Extracted records

<<<<

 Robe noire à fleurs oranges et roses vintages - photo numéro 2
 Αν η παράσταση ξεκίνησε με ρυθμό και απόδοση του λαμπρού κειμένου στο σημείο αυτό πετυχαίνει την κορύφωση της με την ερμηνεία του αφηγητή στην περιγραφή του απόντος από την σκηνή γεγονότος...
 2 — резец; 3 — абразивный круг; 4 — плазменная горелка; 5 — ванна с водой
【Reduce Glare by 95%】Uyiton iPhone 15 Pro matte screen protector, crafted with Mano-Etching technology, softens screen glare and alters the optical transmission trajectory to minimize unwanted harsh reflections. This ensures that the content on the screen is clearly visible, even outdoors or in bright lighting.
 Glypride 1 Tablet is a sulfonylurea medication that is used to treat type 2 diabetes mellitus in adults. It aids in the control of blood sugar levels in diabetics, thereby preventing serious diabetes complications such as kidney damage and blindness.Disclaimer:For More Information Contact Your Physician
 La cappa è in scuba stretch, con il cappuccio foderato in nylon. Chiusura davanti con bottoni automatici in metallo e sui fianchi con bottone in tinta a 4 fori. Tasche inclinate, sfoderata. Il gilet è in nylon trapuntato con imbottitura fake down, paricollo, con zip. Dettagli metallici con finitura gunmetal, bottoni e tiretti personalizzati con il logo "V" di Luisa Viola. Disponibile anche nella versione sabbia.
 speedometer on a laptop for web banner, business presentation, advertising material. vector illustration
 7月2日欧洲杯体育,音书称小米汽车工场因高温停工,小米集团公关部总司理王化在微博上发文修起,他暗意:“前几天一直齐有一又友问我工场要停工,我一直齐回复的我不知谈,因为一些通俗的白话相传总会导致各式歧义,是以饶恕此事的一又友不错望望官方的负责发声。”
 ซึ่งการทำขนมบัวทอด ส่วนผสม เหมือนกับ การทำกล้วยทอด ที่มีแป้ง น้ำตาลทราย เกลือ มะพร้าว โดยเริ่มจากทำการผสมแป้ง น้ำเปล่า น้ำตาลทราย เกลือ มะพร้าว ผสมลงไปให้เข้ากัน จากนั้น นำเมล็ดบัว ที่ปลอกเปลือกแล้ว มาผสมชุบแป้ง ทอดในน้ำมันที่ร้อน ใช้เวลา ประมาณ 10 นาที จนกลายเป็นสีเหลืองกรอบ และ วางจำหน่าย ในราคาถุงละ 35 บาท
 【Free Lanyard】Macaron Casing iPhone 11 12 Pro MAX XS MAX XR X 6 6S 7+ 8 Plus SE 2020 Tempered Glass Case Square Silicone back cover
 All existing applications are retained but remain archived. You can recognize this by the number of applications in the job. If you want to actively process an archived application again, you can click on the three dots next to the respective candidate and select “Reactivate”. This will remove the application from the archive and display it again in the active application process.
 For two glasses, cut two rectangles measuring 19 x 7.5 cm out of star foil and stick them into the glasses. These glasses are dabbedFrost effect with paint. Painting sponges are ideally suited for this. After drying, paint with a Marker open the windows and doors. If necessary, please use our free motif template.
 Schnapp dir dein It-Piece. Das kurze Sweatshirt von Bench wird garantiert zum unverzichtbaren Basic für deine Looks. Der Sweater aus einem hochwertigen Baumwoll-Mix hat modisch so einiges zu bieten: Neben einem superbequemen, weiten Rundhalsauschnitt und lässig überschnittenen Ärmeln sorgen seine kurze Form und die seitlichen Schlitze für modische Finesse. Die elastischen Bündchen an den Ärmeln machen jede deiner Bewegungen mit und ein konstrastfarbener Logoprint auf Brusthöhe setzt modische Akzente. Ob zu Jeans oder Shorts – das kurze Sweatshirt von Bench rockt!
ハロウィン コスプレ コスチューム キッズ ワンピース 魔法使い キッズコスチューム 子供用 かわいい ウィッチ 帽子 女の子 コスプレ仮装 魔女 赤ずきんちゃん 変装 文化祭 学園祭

>>>>

- _Task to carry out_: Show the lines of the records that contain the word "iPhone".

- _Output of the exercise_:
【Reduce Glare by 95%】Uyiton iPhone 15 Pro matte screen protector, crafted with Mano-Etching technology, softens screen glare and alters the optical transmission trajectory to minimize unwanted harsh reflections. This ensures that the content on the screen is clearly visible, even outdoors or in bright lighting.
 【Free Lanyard】Macaron Casing iPhone 11 12 Pro MAX XS MAX XR X 6 6S 7+ 8 Plus SE 2020 Tempered Glass Case Square Silicone back cover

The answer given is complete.